Chemistry QC Job at Amneal | Candidates Apply Now
Are you looking for a Chemistry QC Job in a reputed pharmaceutical company? Here’s an excellent opportunity with Amneal Careers! Amneal Pharmaceuticals is hiring an Officer – Quality Control Testing in Dahej, Gujarat. This Amneal Job is ideal for candidates with hands-on QC experience in API manufacturing and a strong understanding of GLP, cGMP, and laboratory practices.
About Amneal
Amneal Pharmaceuticals is a leading global pharmaceutical company known for developing, manufacturing, and distributing a wide range of generic and specialty medicines. With a strong presence in India and international markets, Amneal Careers provides excellent growth opportunities for professionals in Quality Control, R&D, and manufacturing. Working at Amneal means being part of a company that values innovation, compliance, and continuous improvement—making it an ideal destination for candidates seeking a stable and rewarding Chemistry QC Job.
- Position: Officer, Quality Control Testing
- Location: Dahej SIR, Gujarat, India
- Job Identification: 7460
This Chemistry QC Job under Amneal Careers offers a great platform to work in a regulated pharmaceutical environment.
Job Description
Officer – Quality Control is responsible for executing and supporting routine QC laboratory activities, including analysis, documentation, and compliance with cGMP and GLP requirements
. The role involves handling raw material, in-process, and finished product testing, supporting stability studies, maintaining instrument compliance, and assisting in deviation/OOS investigations. The position also supports data integrity, SOP adherence, and continuous improvement initiatives within the QC function.Essential Functions – Officer, Quality Control
- Execute routine preventive maintenance, calibration, and verification activities of QC instruments as per approved SOPs.

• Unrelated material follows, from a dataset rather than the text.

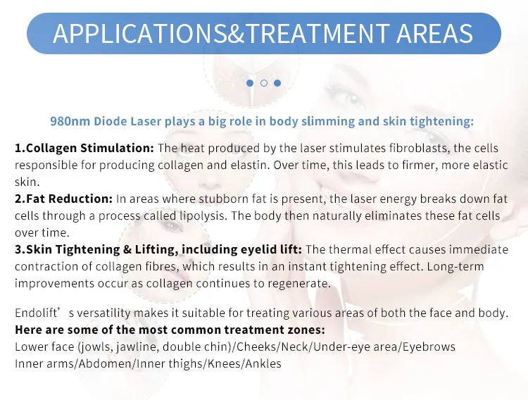 Versatilidad: Adecuado tanto para áreas faciales (p. ej., párpados, mandíbula) como para el contorno corporal (p. ej., abdomen, muslos).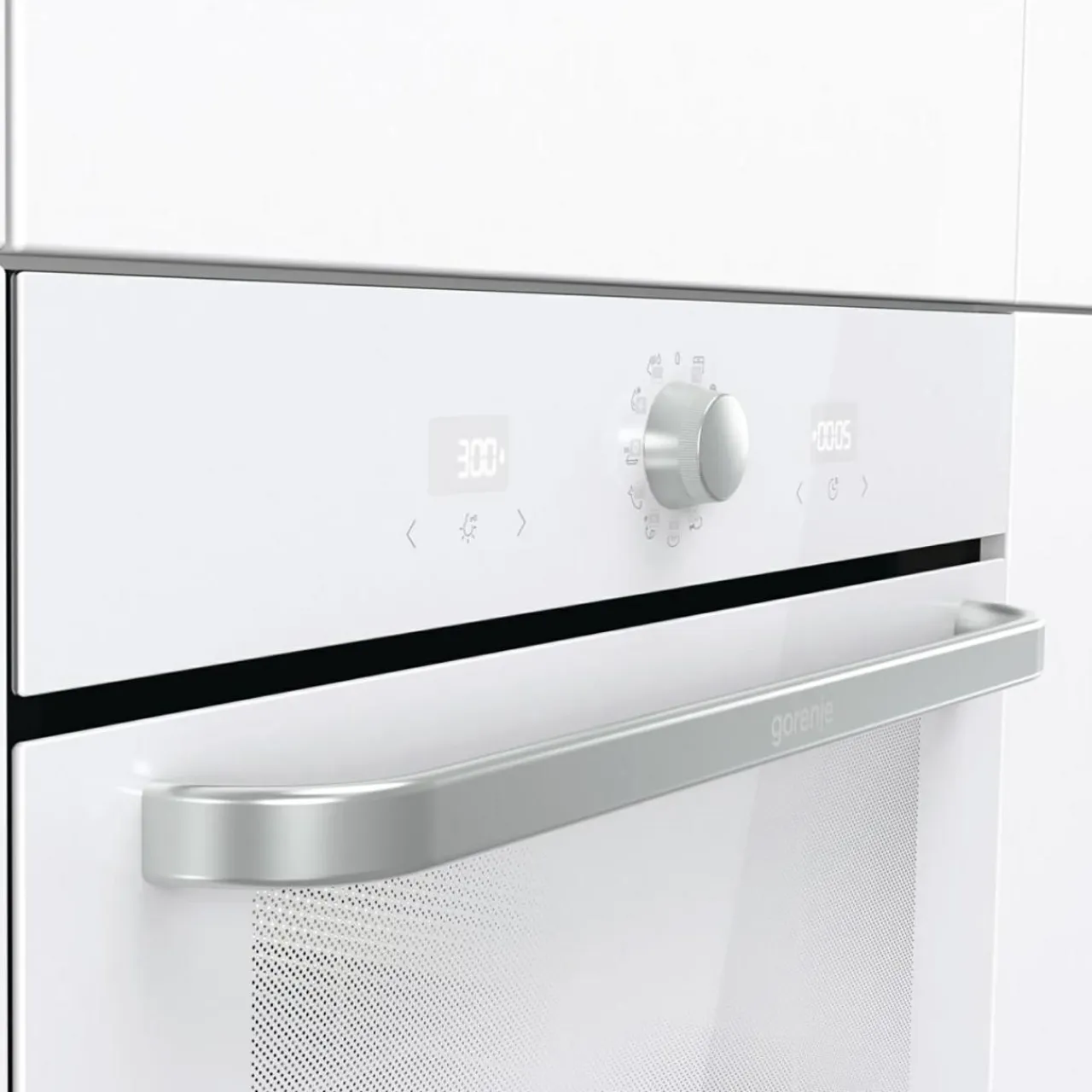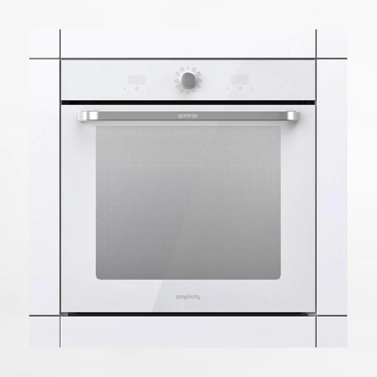 Nowoczesny piekarnik BOS6737SYW w białym kolorze z funkcją SIMPLICITYCONTROL łączy sterowanie dotykowe z podświetlanym pokrętłem, oferując łatwą obsługę i automatyczne ustawienia.

- Perform analysis and support the timely release of raw materials, intermediates, and packing materials as per approved specifications.
- Ensure day-to-day compliance with GLP, safety practices, and laboratory housekeeping requirements.
- Execute stability sample charging, withdrawal, testing, and documentation as per approved stability protocols.
- Support investigation of deviations, OOS, OOAL, and laboratory incidents; assist in implementation of CAPA.
- Prepare, revise, and follow QC-related SOPs, test methods, and specifications; ensure compliance in routine work.
- Perform audit trail checks and ensure adherence to data integrity requirements for computerized systems.
- Enter, verify, and maintain accurate analytical data and sample status in LIMS.
- Participate in training programs and support knowledge sharing within the QC team.
- Maintain analytical columns, reference standards, and laboratory consumables as per SOPs.
Qualifications
- Education: M.Sc / M.Pharm / B.Pharm – Chemistry or related discipline preferred.
- Experience: 1-5 years of hands-on experience in QC operations within an API manufacturing facility.